As this Quora answer suggests:

http://qr.ae/v03lY

rather than the row-wise dot product, which would be O(N^2), it's
better to compute the sum of the column outer products, which is O(N x
K^2).

However, given the number of non-zero elements in the resulting
matrix, it seems I could not afford to first perform the full
multiplication (N x N) and then prune it afterward (N x K).. So I need
a way to prune it on the fly.

The original algorithm I came up with is roughly this, for an input matrix M:

for each row i:
__outer_i = [0] * N
__for j in nonzero elements of row i:
for k in nonzero elements of col j:
__outer_i[k] += M[i][j] * M[k][j]
__nearest_i = {sort outer_i and keep best K}

which can be parallelized in an embarrassing way, i.e. each compute
node can simply process a slice of the the rows.
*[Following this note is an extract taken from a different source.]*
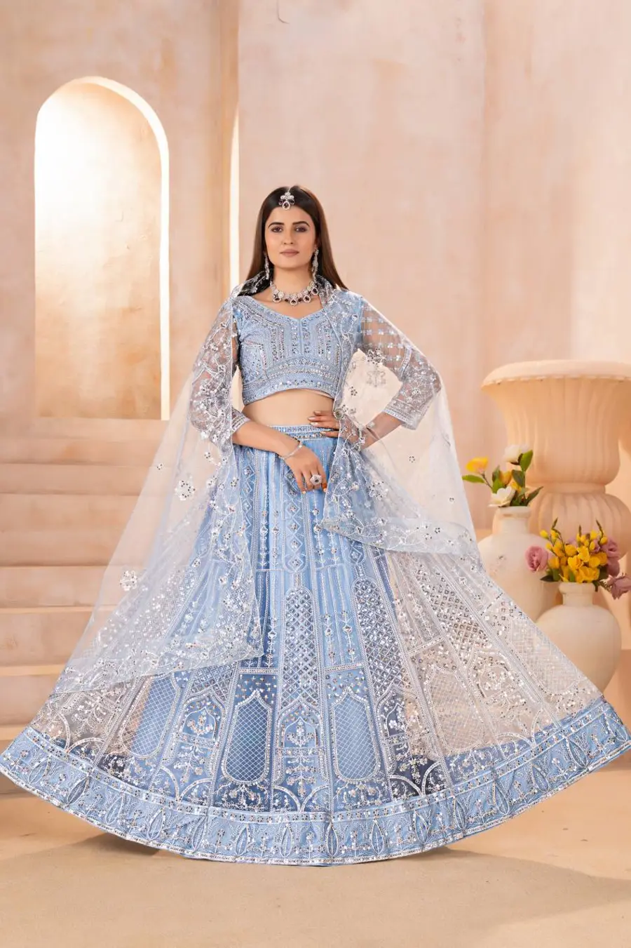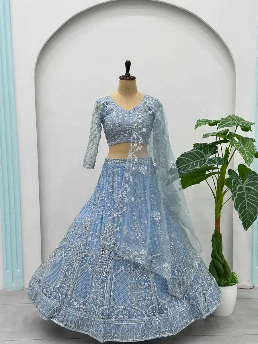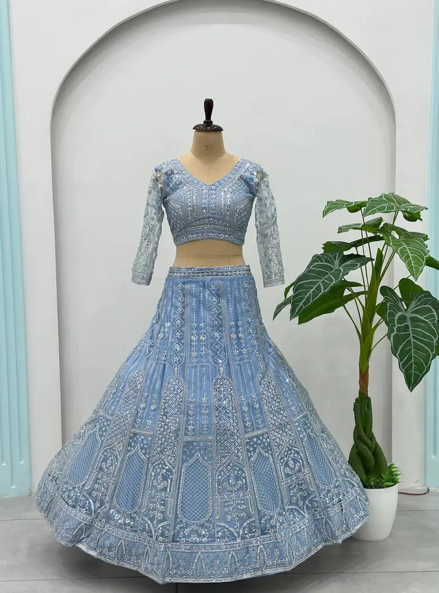 DESIGNER BUTTERFLY NET SEQUENCE AND CODING EMBROIDERY WORK LEHENGA CHOLI WITH DUPATTA SKY

Would there be a way to do something similar (or related) with Spark?

Christian


Re: K-NN by efficient sparse matrix product

2014-05-28 Thread Christian Jauvin
Thank you for your answer. Would you have by any chance some example
code (even fragmentary) that I could study?

On 28 May 2014 14:04, Tom Vacek minnesota...@gmail.com wrote:
 Maybe I should add: if you can hold the entire matrix in memory, then this
 is embarrassingly parallel.  If not, then the complications arise.
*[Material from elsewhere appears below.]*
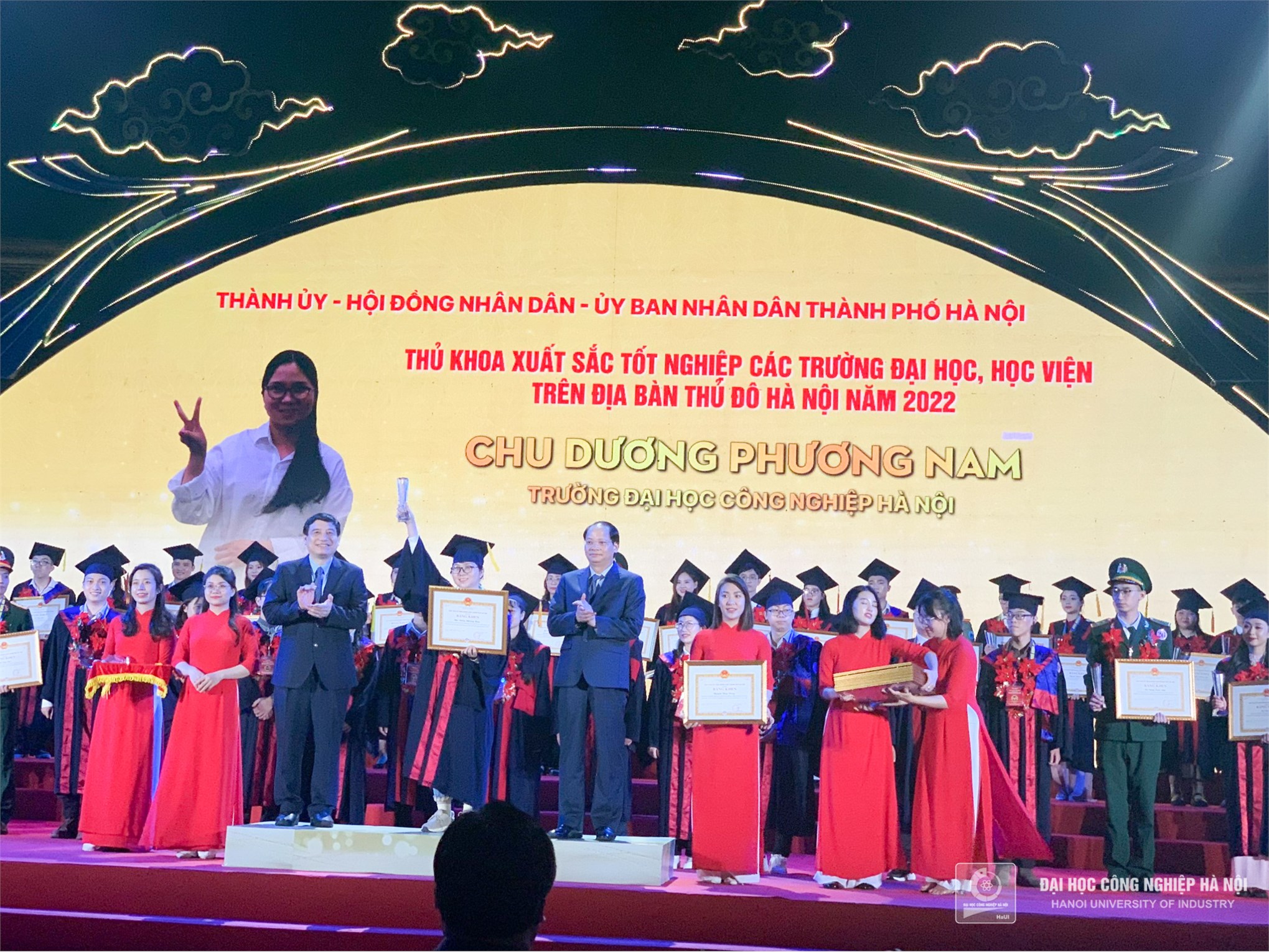 Chu Dương Phương Nam - Thủ khoa tốt nghiệp ngành Khoa học máy tính và Trương Thị Thu Trà - Thủ khoa tốt nghiệp ngành Kiểm toán của Đại học Công nghiệp Hà Nội là 2 trong số 98 thủ khoa tốt nghiệp xuất sắc các trường đại học, học viện năm 2022 được Thành ủy - HĐND - UBND TP.Hà Nội tuyên dương.

 On Wed, May 28, 2014 at 1:00 PM, Tom Vacek minnesota...@gmail.com wrote:

 The problem with matrix multiplication is that the amount of data blows up
 between the mapper and the reducer, and the shuffle operation is very slow.
 I have not ever tried this, but the shuffle can be avoided by making use of
 the broadcast.  Say we have M = L*R.  We do a column decomposition on R, and
 we collect rows of L to the master and broadcast them (in manageably-sized
 blocks).  Each worker does a dot product and discards the row block when
 finished.  In theory, this has complexity max(nnz(L)*log p, nnz(L)*n/p).  I
 have to warn though: when I played with matrix multiplication, I was getting
 nowhere near serial performance.


 On Wed, May 28, 2014 at 11:00 AM, Christian Jauvin cjau...@gmail.com
 wrote:

 Hi,

 I'm new to Spark and Hadoop, and I'd like to know if the following
 problem is solvable in terms of Spark's primitives.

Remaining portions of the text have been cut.